Image credits PROZEISS Microscopy / Flickr.

C. elegans isn’t much to look at. Growing to just under one millimeter in length, it’s not just tiny, it’s also a very, very simple organism. But in one respect, this little nematode is unique and uniquely valuable for science — it’s the only living being whose neural system has been fully analyzed and mapped. In other words, its brain can be recreated as a circuit — either onto a circuit board or one simulated with software — without losing any of its function.

This has allowed researchers at the VUT to ‘copy-paste’ its brain into a computer, creating a virtual copy of the organism that reacts to stimuli the same way as the real thing. The researchers are now hard at work training this digi-worm to perform simple tasks, and it has already mastered the standard computer science trial of balancing a pole.

Worm in the software

So are your brains at risk of spontaneous copyfication? No. Researchers have been able to map C. elegans‘ neural systems precisely because it’s quite dumb — it can only draw on 300 neurons worth of processing power. However, that’s enough gray matter to allow the worm to navigate its environment, catch bacteria for dinner, and react to certain external stimuli — such as a touch on its body, which triggers a reflexive squirming-away.

This behavior is encoded in the worm’s nerve cells, and governed by the strength of the connections between these neurons. When recreated on a computer, this simple reflex pathway works the same way as its biological counterpart — not because it’s been programmed to do so, but because this behavior arises from the structure itself.

“This reflexive response of such a neural circuit, is very similar to the reaction of a control agent balancing a pole,” says co-author Ramin Hasani.

Pole balancing is actually a typical control trial in computer science. It involves a pole, fixed on its lower end on a moving object, which the device has to keep in a vertical position. It does this by moving the object slightly whenever the pole starts tilting, in a bid to keep it from tipping over.

Worm test pole.

The worm’s natural behavior is very similar to that required in this test.
Image credits TU Wien.

Standard controllers don’t have much trouble passing this test. The trial is functionally similar to the processes the nematode’s neural system has to handle in the wild — move when a stimulus is registered. So, the team wanted to see if it could solve the problem without adding any extra code or neurons, just by tuning the strength of connections between cells. They chose this final parameter based on the fact that shifting synaptic strength is the characteristic feature of any natural learning process.

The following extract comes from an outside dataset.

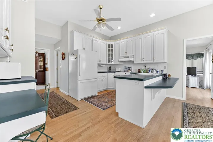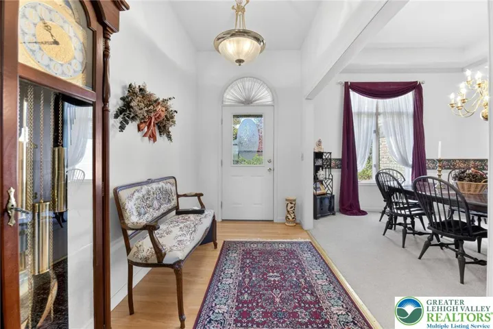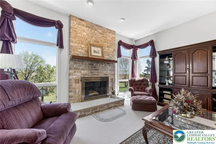 Step inside to a spacious family room filled with natural light from oversized 8-foot windows, perfectly complemented by a cozy fireplace for those chilly evenings. The eat-in kitchen features ample counter space and cabinetry, making it ideal for both cooking and gathering with family and friends.

After some tweaking, the network managed to easily pass the pole trial.

“With the help of reinforcement learning, a method also known as ‘learning based on experiment and reward’, the artificial reflex network was trained and optimized on the computer,” explains first author Mathias Lechner.

“The result is a controller, which can solve a standard technology problem — stabilizing a pole, balanced on its tip. But no human being has written even one line of code for this controller, it just emerged by training a biological nerve system,” says co-author Radu Grosu.

After establishing that the method works, the team plans to probe the capabilities of similar circuits further. Still, the research does raise some very impactful questions — are machine learning and our brain processes fundamentally the same? If so, is silicon intelligence any less valuable or ‘alive’ than biological intelligences?

For now, however, we simply don’t know — C. elegans doesn’t know or care whether it lives as a worm in the ground or as a virtual collection of 1’s and 0’s on a computer in Vienna.

The paper “Worm-level Control through Search-based Reinforcement” has been published in the preprint server arXiv.